11.5 Exercises
1. Titanic Survival Data
Chapter 11.2 presented three approaches to model the conditional expectation function of a binary dependent variable: the linear probability model as well as Probit and Logit regression.
The exercises in this Chapter use data on the fate of the passengers of the ocean linear Titanic. We aim to explain survival, a binary variable, by socioeconomic variables using the above approaches.

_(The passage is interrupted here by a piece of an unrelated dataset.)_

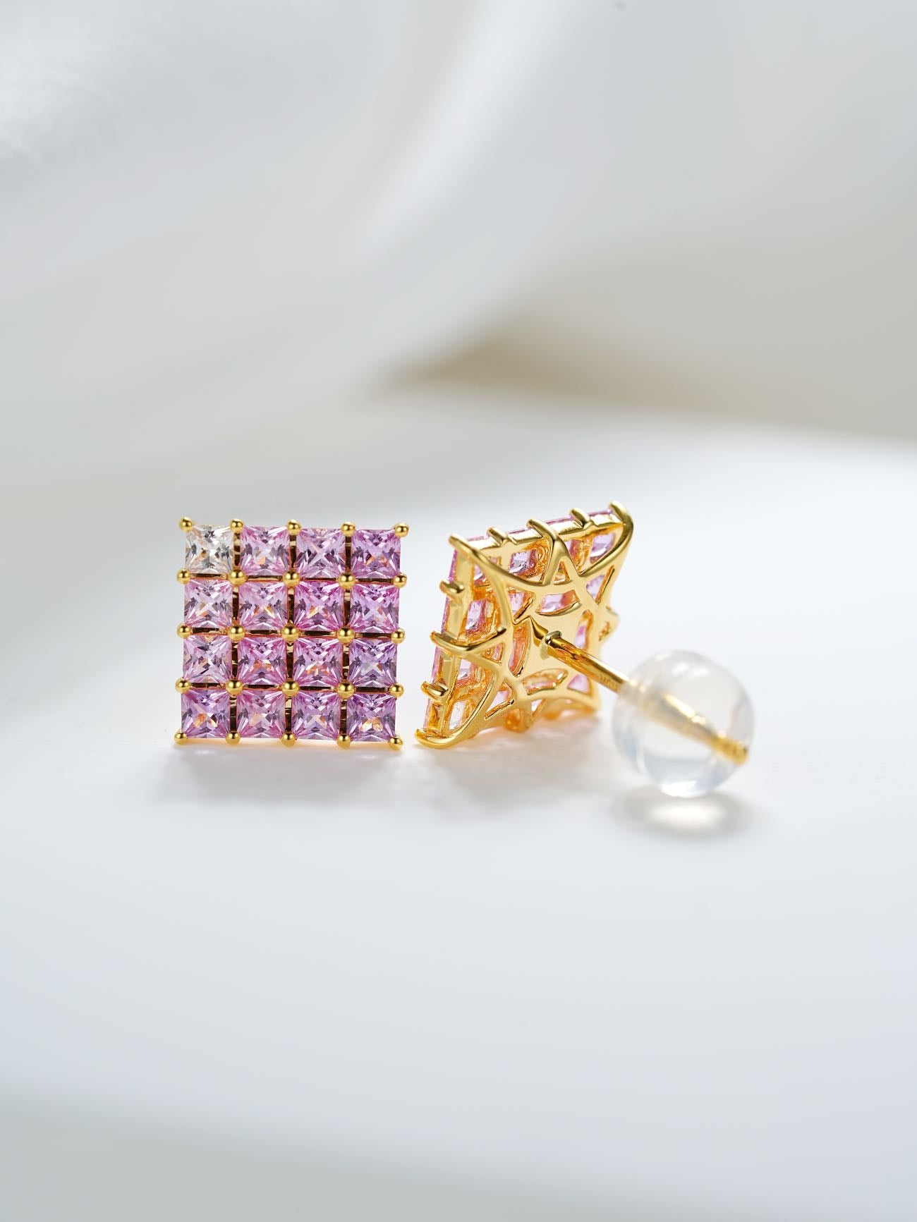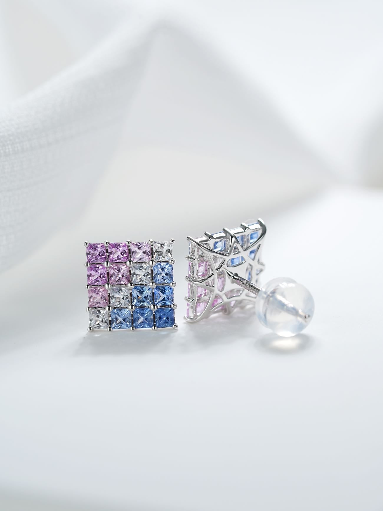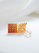 18k Gold Radiant Cut Oil Painting Rainbow Earrings
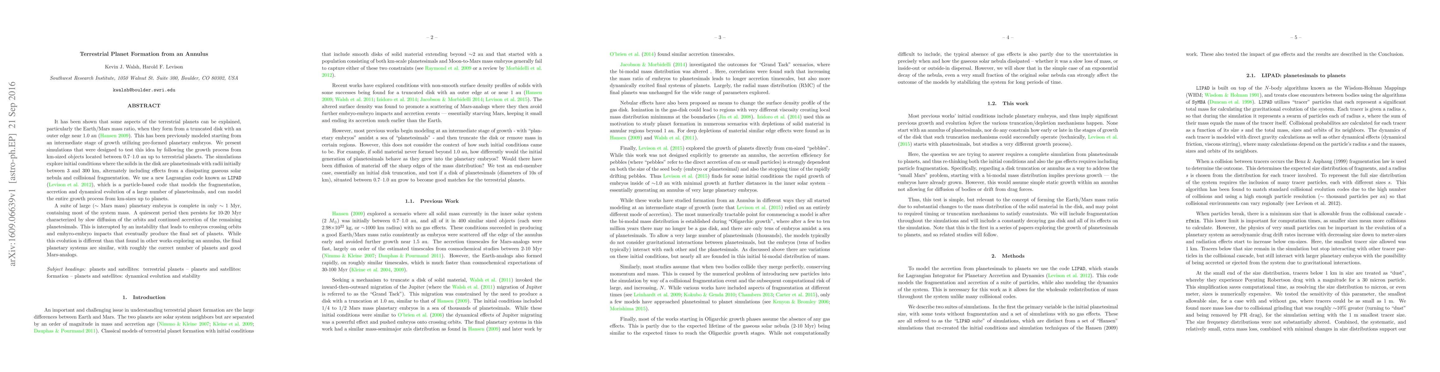 It has been shown that some aspects of the terrestrial planets can be explained, particularly the Earth/Mars mass ratio, when they form from a truncated disk with an outer edge near 1.0 au (Hansen 2009). This has been previously modeled starting from an intermediate stage of growth utilizing pre-formed planetary embryos. We present simulations that were designed to test this idea by following the growth process from km-sized objects located between 0.7 to 1.0 au up to terrestrial planets. The simulations explore initial conditions where the solids in the disk are planetesimals with radii initially between 3 and 300 km, alternately including effects from a dissipating gaseous solar nebula and collisional fragmentation. We use a new Lagrangian code known as LIPAD (Levison et al. 2012), which is a particle-based code that models the fragmentation, accretion and dynamical evolution of a large number of planetesimals, and can model the entire growth process from km-sizes up to planets. A suite of large (Mars mass) planetary embryos is complete in only 1 Myr, containing most of the system mass. A quiescent period then persists for 10-20 Myr characterized by slow diffusion of the orbits and continued accretion of the remaining planetesimals. This is interupted by an instability that leads to embryos crossing orbits and embyro-embryo impacts that eventually produce the final set of planets. While this evolution is different than that found in other works exploring an annulus, the final planetary systems are similar, with roughly the correct number of planets and good Mars-analogs.

In this exercise we start with the aggregated data set Titanic. It is part of the package datasets which is part of base R. The following quote from the description of the dataset motivates the attempt to predict the probability of survival:
The sinking of the Titanic is a famous event, and new books are still being published about it. Many well-known facts — from the proportions of first-class passengers to the ‘women and children first’ policy, and the fact that that policy was not entirely successful in saving the women and children in the third class — are reflected in the survival rates for various classes of passenger.
Instructions:
Assign the Titanic data to Titanic_1 and get an overview.
Visualize the conditional survival rates for travel class (Class), gender (Sex) and age (Age) using mosaicplot().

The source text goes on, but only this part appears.